He scored a magnificent own goal, when he fired an ill-judged shot at Labour for issuing 118 permits for mining within the conservation estate, and another 100 for land overlapping onto, or directly adjacent to it. Finally, his long-awaited but well-leaked discussion document revealed that Schedule 4 protection provides for a significant amount of mineral exploration and development.

Brownlee’s prospects for getting a non-emotive, intellectual debate about mining would have been better if he had started where his discussion document ends: with a plan to get some facts about New Zealand’s onshore mineral resource through a $4 million research and investigation programme using “low impact techniques such as airborne geophysical exploration, mapping and sampling by mainly hand-held methods.”

Instead, Mr “Sexy Coal” is picking himself up, dusting himself off, and starting all over again – offshore.

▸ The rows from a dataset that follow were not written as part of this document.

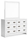 Details | B427B2: Includes twin panel headboard, footboard, rails and slats, Made with hardwood solids, okoume veneer and MDF substrates, White finish, Foundation/box spring required, sold separately, Mattress available, sold separately, Assembly required, B427B1: Includes dresser and mirror, Made with hardwood solids, okoume veneer and MDF substrates, White finish, 6 drawers with dovetail construction and metal center guides, Hardware with dark finish, Drawer interiors are lined with a wood grain laminate for a clean, finished look, Mirror attaches to back of dresser, B427-46: Made with hardwood solids, okoume veneer and MDF substrates, White finish, 5 drawers with dovetail construction and metal center guides, Hardware with dark finish, Drawer interiors are lined with a wood grain laminate for a clean, finished look, B427-92: Made with hardwood solids, okoume veneer and MDF substrates, White finish, 2 drawers with dovetail construction and metal center guides, Hardware with dark finish, Drawer interiors are lined with a clean wood grain laminate for a clean, finished look, | |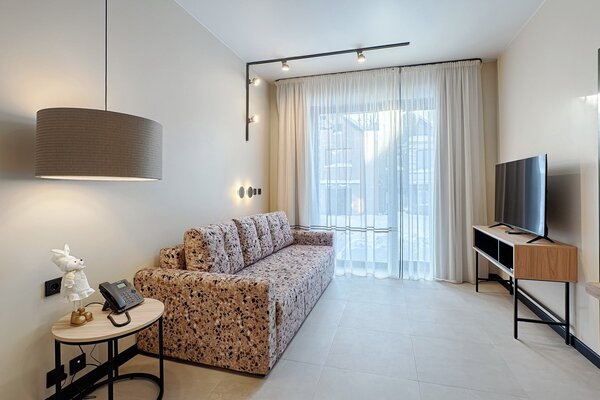 Игровая оборудована детской мебелью, мягкими игрушки, машинками, развивающими играми, познавательными книгами и канцелярскими принадлежностями. Наслаждайтесь отдыхом, не переживая за досуг ребёнка.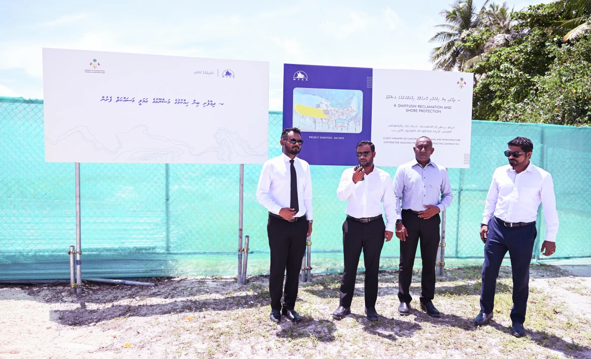 ދިއްފުށީ ބިން ހިއްކުމުގެ ޢަމަލީ މަސައްކަތް ފެށުން. ފޮޓޯ: ރައީސް އޮފީސް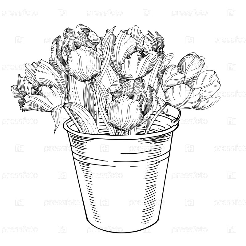 ведро тюльпанов. ручная векторная иллюстрация тюльпана чернилами. для проектирования карт, обложек, печатных работ, этикеток продуктов и тканей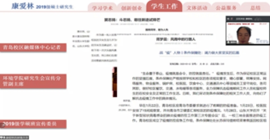 此次参选的学生们风采各异,2019级本科生李培华积极参加文艺活动,在迎新晚会、才艺比赛,年终晚会等活动中唱出青春,在彰显自己的风采的同时,也为学院学生的日常生活增添色彩。2017级本科生赵树南潜心科研,致力学术,积极投身各类科研项目。2018级本科生齐甜雨热衷社会实践工作,在丰富自己社会经历的同时,承担了包括基层教育,走访调研,志愿工作等一系列的社会责任,将自己与社会、与国家紧紧拴在一起。2020级博士生段丕俊在读研期间发表多篇SCI论文,与团队一起研究出多个优秀成果。2019级硕士生康爱林用文字宣传环保,作为一名独立自媒体人在多个平台传播“环境人”的声音。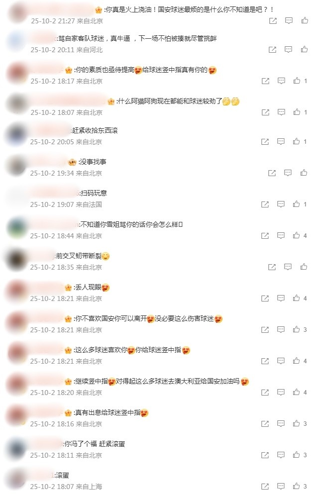 相关新闻——又与球迷冲突!国安球迷赛后集体大骂杨立瑜,球员比手势鼓掌回应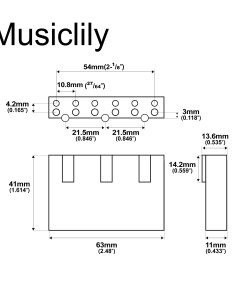Bloque de trémolo de latón macizo de 54 mm (2-1/8 pulgadas) de espaciado de cuerdas para puente de trémolo Wilkinson By GOTOH VG300/VS100N, 41 mm de alto.

It was just Brownlee’s luck that he landed a taker for rights to carry out deep water petroleum exploration in the Raukumara Basin as the world’s largest oil spill started slurping ashore along the Gulf of Mexico from the ruins of BP’s Deepwater Horizon drilling platform.

His announcement last week simply welcomed the interest shown by Brazil’s home-grown oil giant Petrobras. It made no reference to the Gulf disaster or the fact that his Ministry was simultaneously calling in external consultants to help with a review of New Zealand’s health, safety and environmental legislation, institutional capabilities and practices covering offshore petroleum exploration “to ensure that they are fit for purpose and compare favourably to international best practice.” The Prime Minister was left to pick up the ball and cover that point later in the day.

The review is going to show New Zealand has extremely limited control over off-shore mineral exploration and exploitation practices, particularly beyond 12 nautical miles offshore in New Zealand’s vast exclusive economic zone, where most of our offshore petroleum industry activity is now concentrating.

According to the Ministry for the Environment, New Zealand has no legislation covering the EEZ that requires environmental impact assessments before mining permits are issued or that governs the effects of seismic surveys, exploratory drilling, seabed mining, oil spill management, or on insurance and ownership of liabilities.

Closer to the shoreline, regulatory and protective functions are split between a mishmash of central government agencies and regional councils.

Maritime New Zealand is currently the core regulator of off-shore petroleum installations. Last week, MNZ environmental analyst Alison Lane said regulations in New Zealand require offshore rig operators to prove they have adequate emergency procedures in place during annual audits, but the rules do not specify what systems are necessary.

Maritime New Zealand has just $12 million worth of oil spill recovery equipment and dispersing chemicals scattered in 20 locations around the country, and three 8.2 metre transportable oil recovery vessels – hardly enough to cope with crude oil spewing out of a single malfunctioning deep water wellhead at a rate of up to 3 million litres a day.

As we can now see on a daily basis, deep water drilling is a risky business. New Zealand needs to do more than chant “drill, baby, drill” and count on Brownlee’s Luck.